I’ve worked with dozens of our customers and partners over the past few years here at BlueData, but our partnership with Dell EMC – and the joint customer relationships where we’ve worked together – has been particularly exciting.
We’re fortunate to count Dell EMC as one of our strategic investors, as was disclosed recently. And as demonstrated by a recent webinar where I co-presented with Dell EMC, and a recent guest blog post on our site by the Dell EMC CTO for Analytics, we’ve been working closely with the product, services, and sales teams across Dell EMC in many areas.
Now Dell EMC is delivering a powerful and innovative new solution, the Dell EMC Elastic Data Platform, that includes BlueData’s EPIC software. I’ve been able to spend some time working on-site with one of our joint customers, Barclays in the UK, to implement this new solution (more on this later); so I’m thrilled that it’s now being introduced to other Dell EMC customers across the globe.
The Big Data Challenge
In my discussions with many enterprise organizations, I often see them start out their Big Data initiatives on a small scale with a data lake and Hadoop deployed in the traditional fashion: on bare-metal servers with direct-attached storage.
As these organizations expand their deployments to respond to new analytics and data science use cases from different lines of business, they start to experience cluster sprawl and the associated IT management overhead becomes increasingly complex and inefficient. Compute utilization for their infrastructure is often less than thirty percent; storage can’t be scaled independently; data duplication introduces new risks and costs; and it can take weeks for them to respond to ongoing requests for new clusters, new tools for analytics and data science, or upgrades. The graphic below illustrates some of these pain points.
From a Big Data infrastructure standpoint, the challenge is two-fold: buying high-end servers to keep up with the storage demands costs is too expensive, and the time required to maintain all those bare-metal servers reduces efficiency. So our friends at Dell EMC designed a cost-effective and scalable solution to address this challenge.
Elastic Data Platform
The Dell EMC Elastic Data Platform is a powerful and flexible approach to help these enterprises get the most out of their existing Big Data investments – with Dell EMC infrastructure, software from BlueData as well as BlueTalon for data-centric security, and Dell EMC Professional Services.
Building on the initial success of existing data lake deployments, organizations can leverage a highly scalable, elastic, and multi-tenant architecture to provide their users with on-demand access to a variety of Big Data analytics and data science workloads (e.g.

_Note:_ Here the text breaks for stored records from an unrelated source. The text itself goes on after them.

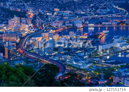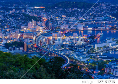 (長崎県)弓張岳展望台から眺める佐世保中心街 夕景
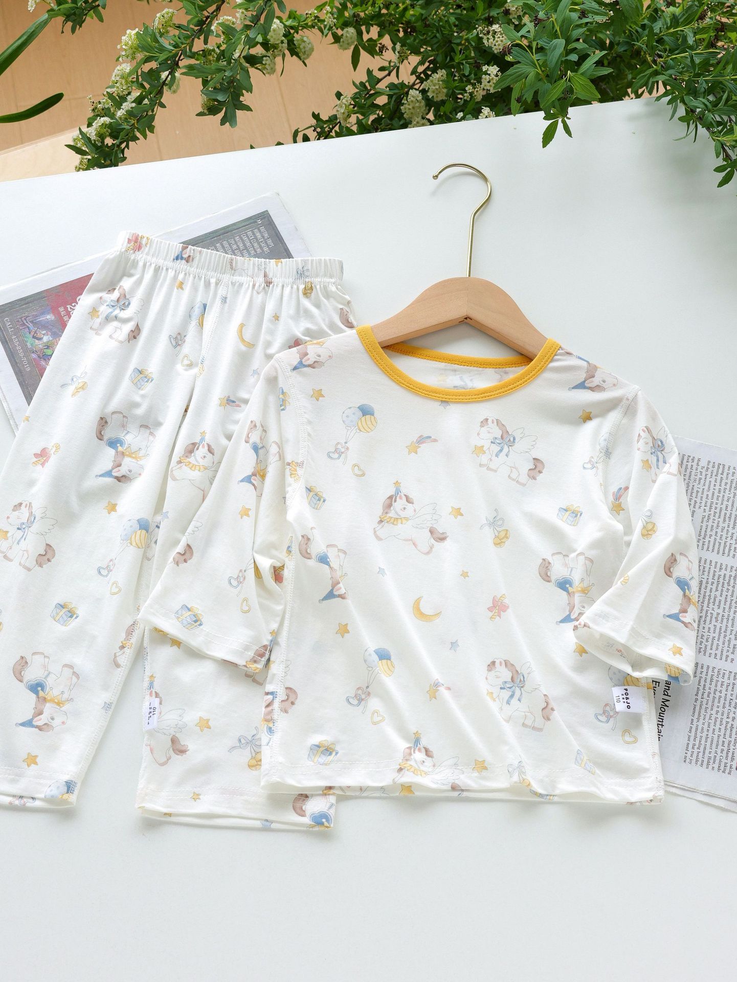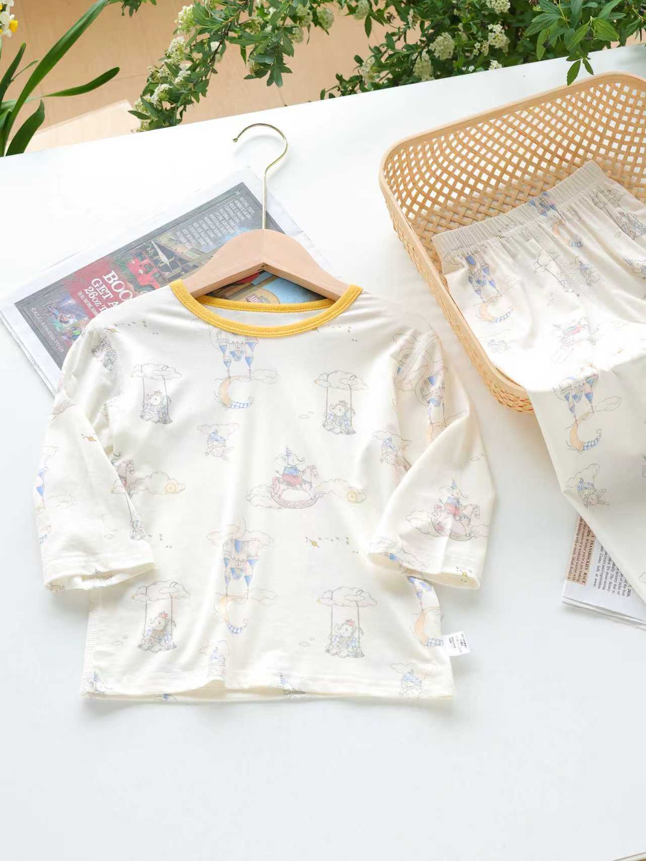 아동용 여름 텐셀 리오셀 홈웨어 세트 7부소매 9부팬츠 남아 및 여아용 무봉제 에어컨 의류스토어 가기
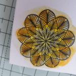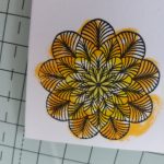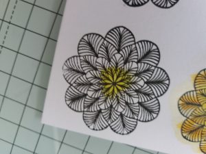 2. Using lemon yellow, yellow and bright yellow zig clean colour pens roughly colour each image, then blend with a water brush. Leave to dry.
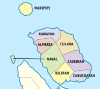 Biliran is subdivided into 8 municipalities, with a total of 132 barangays. All municipalities are located on Biliran Island, with the exception of Maripipi, which is an island municipality located to the northwest. The largest among the towns in terms of land area is the provincial capital Naval, while the smallest is Maripipi.
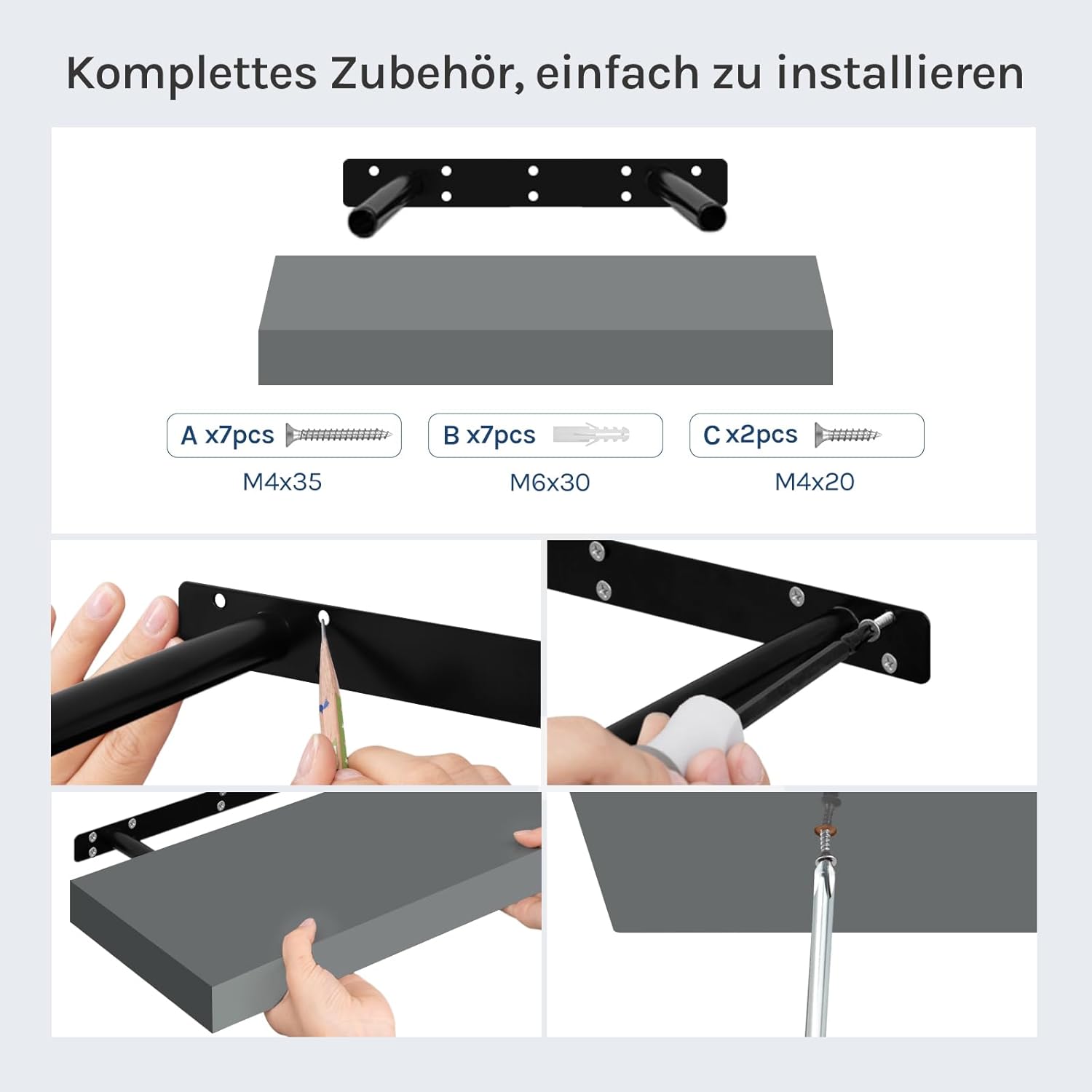Greitas montavimas: komplekte yra instrukcija, todėl lentyną lengva sumontuoti. Naudojant gulsčiuką montavimas bus dar paprastesnis ir tikslesnis.

Hadoop, Spark, machine learning, and other use cases) – helping to support their ever-growing and evolving business needs. It delivers fast and easy provisioning, simplified deployments, cost-efficiency, and assurance that governance and security requirements are being met.
There are five key principles behind the Elastic Data Platform:
- Easy Data Provisioning: Provide read-only access and scratch pad data to anyone within the organization while preventing data sprawl and duplication.
- Tailored Work Environments: Isolate environments between users to ensure data integrity and reliable compute performance tailored with a variety of tools for many different workloads – assuring quality of service.
- Scalability: Ensure the compute environment performs elastically and scales horizontally to meet business demands and deliver high quality of service.
- Data Security: Enhance security, governance, and access controls while maintaining ease of use.
- Cloud Ready: Establish an on-premises model while preparing for a hybrid on/off-premises solution with cloud services.
The solution itself is based on four key capabilities:
- Deploying Big Data Environments: The BlueData EPIC software platform provides the ability to create elastic, multi-tenant Big Data environments for data science and analytics using Docker containers – whether on-premises, in the cloud, or in a hybrid architecture.
- Separating Compute and Storage: When aggregate datasets grow larger than a few hundred terabytes, it makes sense to separate compute from storage to allow both to scale independently. For those solutions needing scale out storage, Dell EMC Isilon offers a compelling ROI and ease of use with scalability.
- Enforcing Centralized Policy: BlueTalon provides the consistent creation and enforcement of data access policies across environments supporting a diverse set of users, tools and data systems.
- Automating and Integrating: Dell EMC Professional Services have automated the deployment of the above components and provided an open and flexible set of interfaces to integrate into existing Big Data environments.
You can learn more in the overview of the Dell EMC Elastic Data Platform posted at www.emc.com/collateral/service-overview/h16643-elastic-data-platform-service.pdf
Learn More at the Strata Data Conference in New York
If you’re going to the Strata Data Conference next week (September 26-28) in New York, stop by the Dell EMC, BlueData, or BlueTalon booths in the expo hall and talk to our teams about the Elastic Data Platform.
And make sure you mark your calendar for the case study session with Barclays UK on “Enabling data science self-service with the Elastic Data Platform” at 1:15pm Wednesday September 27th. Find out how Barclays UK implemented the Elastic Data Platform to provide their data scientists with the ability to provision their own environments and scale them up or down – using BlueData EPIC to deploy Cloudera and Spark on Docker containers. You’ll learn about the Barclays Big Data journey, the architecture for their solution, and the underlying technologies.